“Can he be weak?” she thought, when he had disappeared, and she felt she was parted from him. “Will he understand me?” She quivered. Then she turned and went rapidly towards Fougeres, as though she feared the marquis might follow her into the town, where certain death awaited him.
“Francine, what did he say to you?” she asked, when the faithful girl rejoined her.
“Ah! Marie, how I pitied him. You great ladies stab a man with your tongues.”
“How did he seem when he came up to you?”
“As if he saw me not at all!

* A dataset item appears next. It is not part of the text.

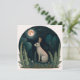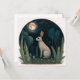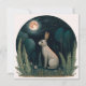 Um coelho feliz senta-se ao luar entre flores e outras plantas com árvores altas ao fundo.

Oh, Marie, he loves you!”
“Yes, he loves me, or he does not love me—there is heaven or hell for me in that,” she answered. “Between the two extremes there is no spot where I can set my foot.”
After thus carrying out her resolution, Marie gave way to grief, and her face, beautified till then by these conflicting sentiments, changed for the worse so rapidly that in a single day, during which she floated incessantly between hope and despair, she lost the glow of beauty, and the freshness which has its source in the absence of passion or the ardor of joy. Anxious to ascertain the result of her mad enterprise, Hulot and Corentin came to see her soon after her return. She received them smiling.
“Well,” she said to the commandant, whose care-worn face had a questioning expression, “the fox is coming within range of your guns; you will soon have a glorious triumph over him.”
“What happened?” asked Corentin, carelessly, giving Mademoiselle de Verneuil one of those oblique glances with which diplomatists of his class spy on thought.
“Ah!” she said, “the Gars is more in love than ever; I made him come with me to the gates of Fougeres.”